IAS Siagakan Posko Lebaran 2026: Penerbangan Aman, Nyaman, Terkoordinasi!

Banten – InJourney Aviation Services (IAS) membuka Posko Gabungan Nasional (POSGABNAS) untuk memastikan kelancaran dan keamanan penerbangan selama mudik Lebaran 2026. Posko ini akan menjadi pusat komando operasional untuk memberikan pelayanan terbaik bagi pengguna jasa bandara.

Budi Setyawan Wijaya, Direktur Utama IAS, menyatakan bahwa POSGABNAS bertujuan untuk menyinergikan seluruh entitas di bawah IAS Group. "Tujuan utama pembentukan POSGABNAS adalah mempererat sinergi dan koordinasi di antara seluruh entitas di bawah naungan IAS Group," ujarnya saat pembukaan posko di Grand Anara Airport Hotel, Bandara Soekarno-Hatta, Kamis (12/3/2026).

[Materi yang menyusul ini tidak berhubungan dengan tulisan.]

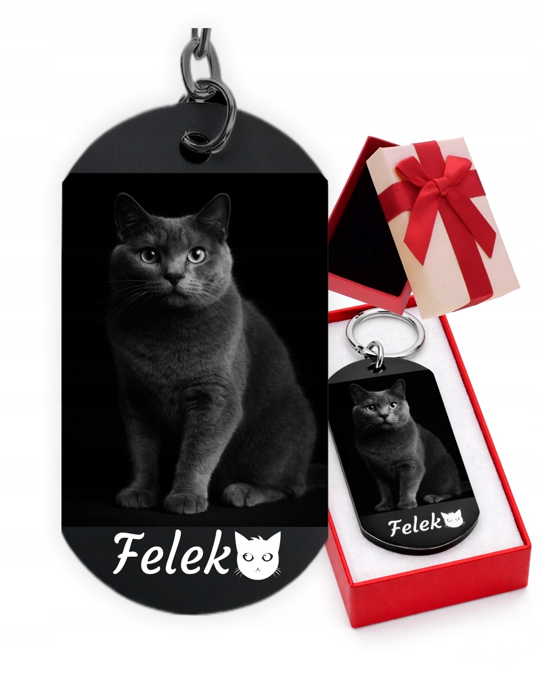 Brelok do Kluczy Stalowy z GRAWEREM GRATIS Zdjęcia Kota PUPILA na Prezent
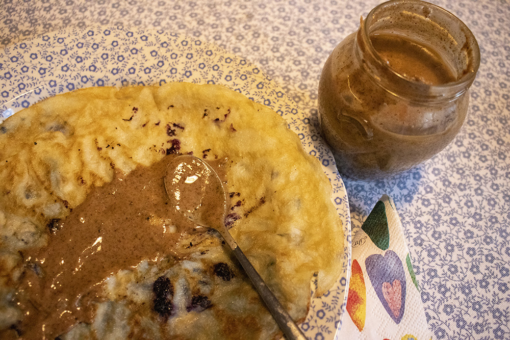 Втората рецепта беше резултат от MasterClass на Алис Уотърс “The Art of Home Cooking”. Там тя споменава френски (тънки) палачинки от смляни овесени ядки. Това е моята версия.
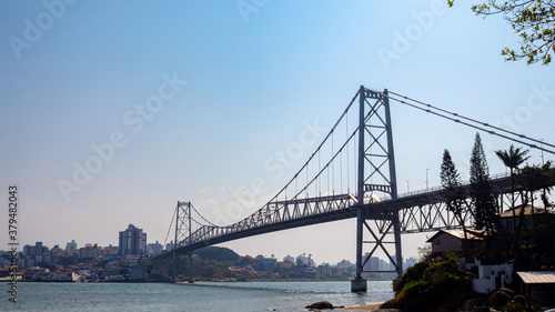 © Fotos GE, Naklejka premium Silhueta da Ponte Hercílio Luz, Florianópolis, florianopolis, Santa Catarina, Brasil
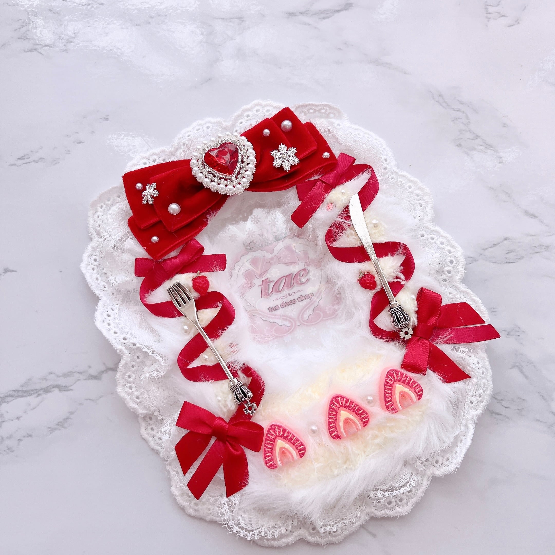 A7 クリスマス限定 ベルベットリボン ショートケーキ トレカ 硬質 ケース デコ レース リボン 量産型
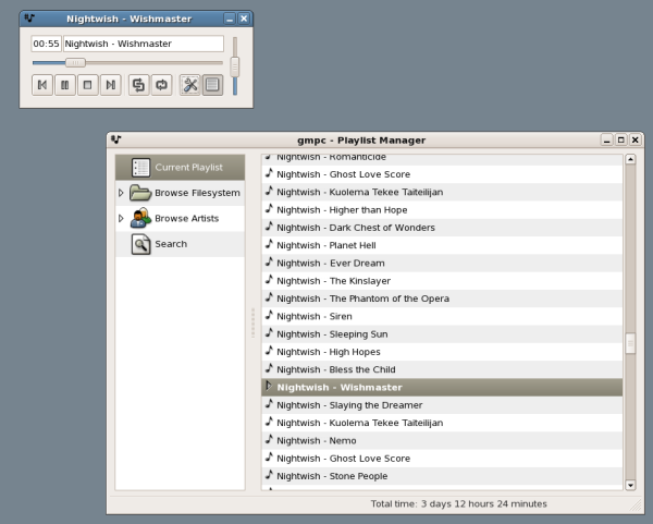 gmpc je klientem pro MPD (a GNOME). Jeho hlavním cílem je zpřístupnit všechny možnosti MPD démona a přitom být stále rychlým a snadno použitelným přehrávačem.
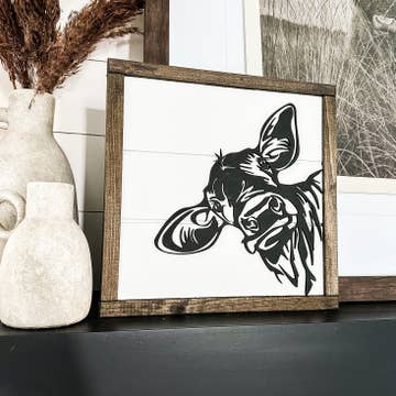 WHOLESALE WOOD FRAMED BROWN NOSE COW SIGN
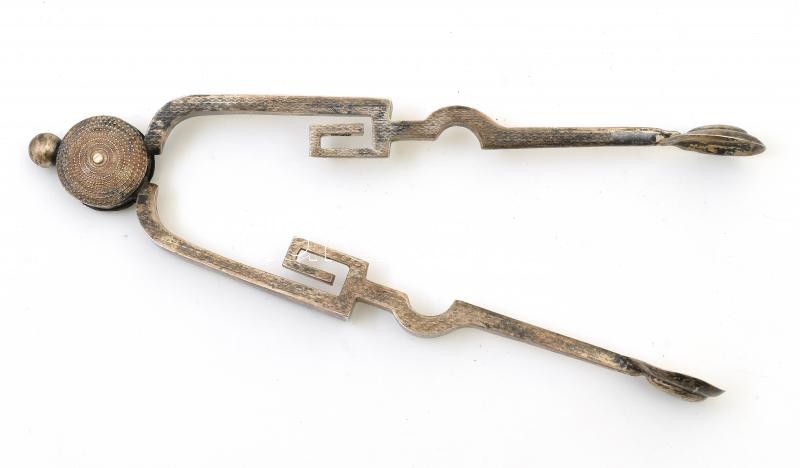 Beschreibung: Ezüst (Ag) régi monogramos cukorfogó. Jelzett, kopásnyomokkal, 39,6 g, h: 16,5 cm
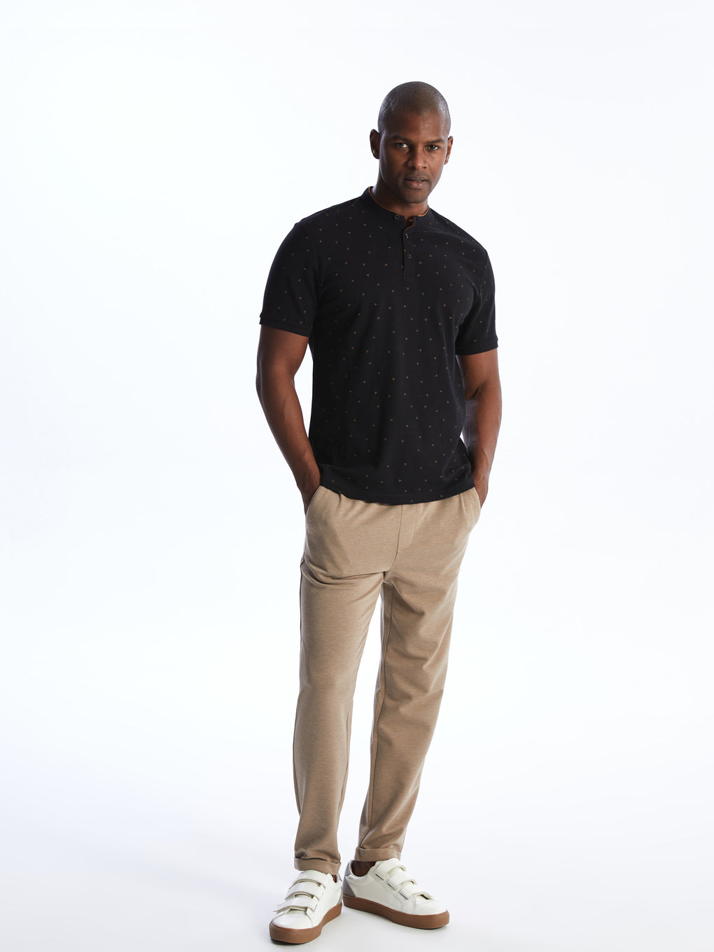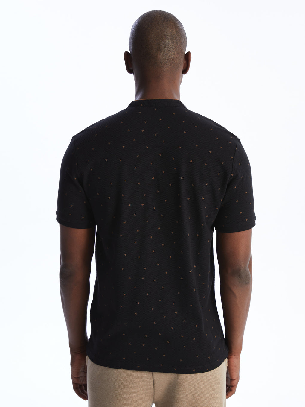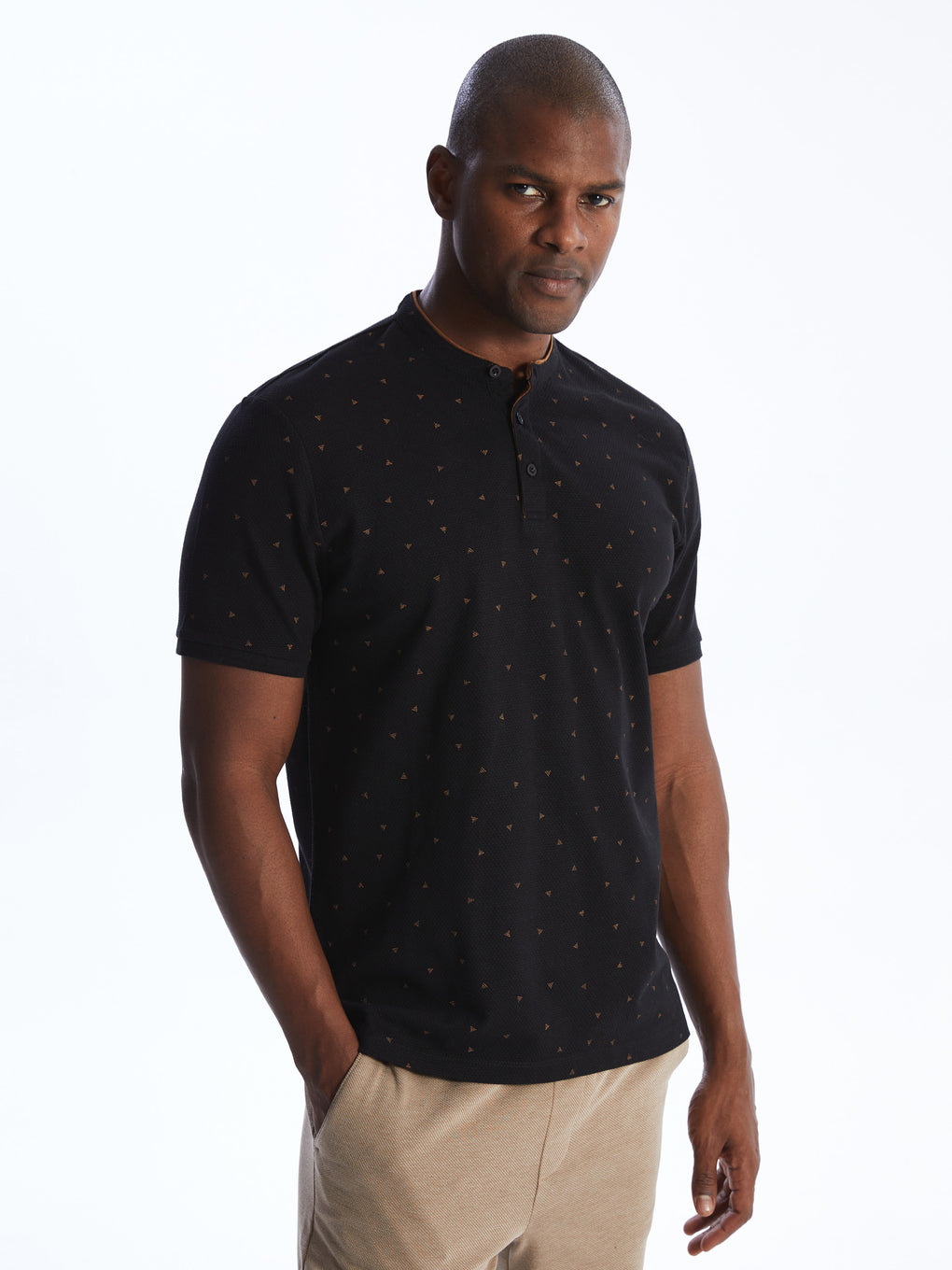 Grandad Collar Short Sleeve Patterned Men's T-Shirt

POSGABNAS beroperasi mulai 13 Maret hingga 30 Maret 2026, mencakup Bandara Kualanamu, Soekarno-Hatta, I Gusti Ngurah Rai, dan Hasanuddin. Pemantauan operasional dilakukan secara real-time melalui sistem digital terintegrasi, meliputi pergerakan penerbangan, pelayanan penumpang, penanganan bagasi, hingga operasional kargo.

Selain pemantauan, POSGABNAS berfungsi sebagai pusat komunikasi dan crisis center untuk koordinasi cepat antar stakeholder dalam kondisi darurat. Sistem pemantauan umpan balik pelanggan juga terintegrasi dengan berbagai kanal pengaduan di bandara.

Danny Thaharsyah, Direktur Operasi IAS, menegaskan komitmen untuk meningkatkan kualitas pelayanan. "Fokus kami tidak hanya pada kesiapan fasilitas dan operasional bandara, tetapi juga bagaimana memberikan pengalaman pelayanan terbaik kepada pelanggan," katanya. IAS berupaya meningkatkan kualitas pelayanan melalui perbaikan fasilitas, penyempurnaan proses operasional, dan penguatan kapasitas sumber daya manusia.

InJourney juga memastikan kesiapan operasional bandara secara menyeluruh, termasuk penguatan koordinasi posko, kesiapan fasilitas, optimalisasi personel, pengaturan jam operasional, serta penegakan prosedur layanan.

Yudhi Rizkiyardie Darun, Direktur Keuangan dan Manajemen Risiko InJourney, menambahkan bahwa momentum Ramadan dan Lebaran menjadi pendorong utama pergerakan wisata domestik. InJourney memproyeksikan peningkatan hunian hotel dan kunjungan ke destinasi wisata yang dikelola.

InJourney juga telah mempersiapkan diri menyambut kunjungan wisatawan ke destinasi wisata seperti Candi Prambanan dan Ratu Boko, Candi Borobudur, Kawasan Wisata Mandalika, Nusa Dua, Golomori dan Sarinah serta Taman Mini Indonesia Indinesia Indah.

Yudhi R Darun menambahkan, periode libur yang bersamaan dengan perayaan Nyepi dan pemberlakuan WFA menjadi momentun penting yang harus diperhatikan bagi entitas aviasi dan pariwisata untuk mendorong pergerakan wisatawan secara optimal.

InJourney berkomitmen memastikan kesiapan operasional, penguatan pelayanan, serta pengelolaan risiko yang optimal di seluruh lini bisnis. Penguatan kapasitas operasional dilakukan melalui penambahan personel dan optimalisasi fasilitas untuk mengantisipasi lonjakan pergerakan wisatawan.